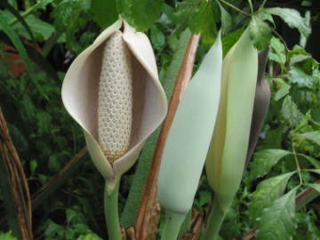 | モンステラは熱帯アメリカの25種類ほどが生息しています。葉の長さが1m以上と大きなデリシオサ、葉が20cmほどのヒメモンステラ、白い斑が入ったものがあり、他に葉に切れ込ものないマドカズラやハネカズラなどもあります。名前はラテン語で「怪物」を意味する言葉だそうで、とても葉の大きいデリシオサを見た人が名付けたのかもしれません。植物園に大きなものが植えられていて、大きな花が咲いているのを見かける事があります。花が熟すと実は果物として食べる事ができるそで、沖縄の方では10月頃に売られているそうです。葉に切れ込みのあるユニークな姿をした人気のある観葉植物で、耐陰性があり寒さにも比較的強く育てやすいです。 |
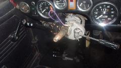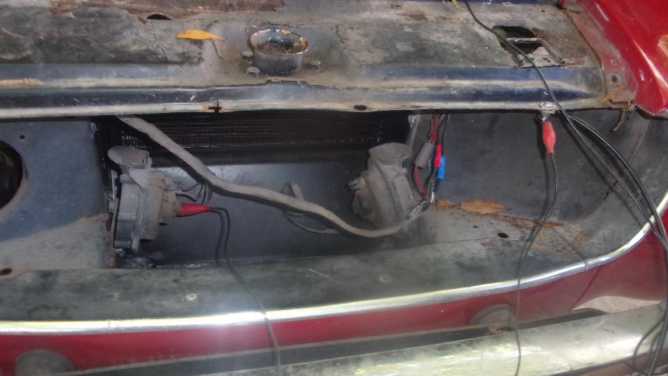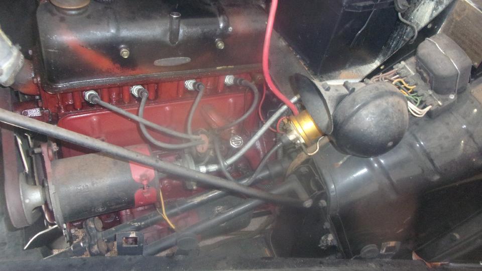 The rusty Midget was getting a little attention in the background, installing the new lighting switch and multi-function switch for headlight dipper and turn signals. All headlights definitely work, not sure the turn signals were tested yet. We got sidetracked by the nonfunctioning hooters. With power jumper and grounding wire efforts, both hooters were absolutely dead, and no electrical connection in the harness wire between the horns and connector at the new switch. That is a very rare situation to have a broken wire inside the harness. After installing a harness bypass wire from front to switch connector, we were using a motor powered instant-on air horn for testing, and it worked, but not enough space to install the big beast of a trumpet. A bit later we found a neat little motorcycle twin-tone air horn in the attic, cleaned up the power spade connectors, and that works too, so a new freebie for the Midget to be installed later.
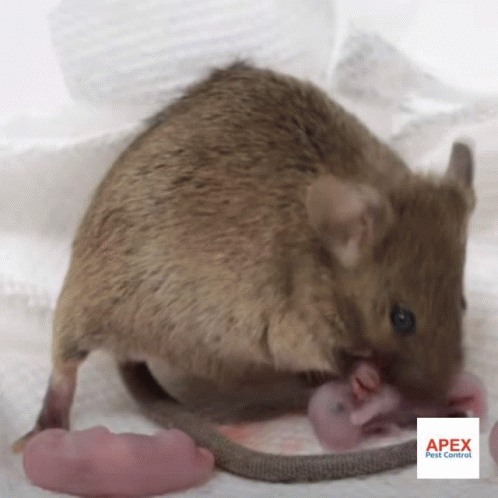 Paglalarawan ng Content: a mouse is laying on a white surface with a logo for apex pest control

**Problem:**
Since the pictures are not part of the copy, transcribe only the remaining material, exactly.

**Task output:**
 | モンステラは熱帯アメリカの25種類ほどが生息しています。葉の長さが1m以上と大きなデリシオサ、葉が20cmほどのヒメモンステラ、白い斑が入ったものがあり、他に葉に切れ込ものないマドカズラやハネカズラなどもあります。名前はラテン語で「怪物」を意味する言葉だそうで、とても葉の大きいデリシオサを見た人が名付けたのかもしれません。植物園に大きなものが植えられていて、大きな花が咲いているのを見かける事があります。花が熟すと実は果物として食べる事ができるそで、沖縄の方では10月頃に売られているそうです。葉に切れ込みのあるユニークな姿をした人気のある観葉植物で、耐陰性があり寒さにも比較的強く育てやすいです。 |
 The rusty Midget was getting a little attention in the background, installing the new lighting switch and multi-function switch for headlight dipper and turn signals. All headlights definitely work, not sure the turn signals were tested yet. We got sidetracked by the nonfunctioning hooters. With power jumper and grounding wire efforts, both hooters were absolutely dead, and no electrical connection in the harness wire between the horns and connector at the new switch. That is a very rare situation to have a broken wire inside the harness. After installing a harness bypass wire from front to switch connector, we were using a motor powered instant-on air horn for testing, and it worked, but not enough space to install the big beast of a trumpet. A bit later we found a neat little motorcycle twin-tone air horn in the attic, cleaned up the power spade connectors, and that works too, so a new freebie for the Midget to be installed later.
 Paglalarawan ng Content: a mouse is laying on a white surface with a logo for apex pest control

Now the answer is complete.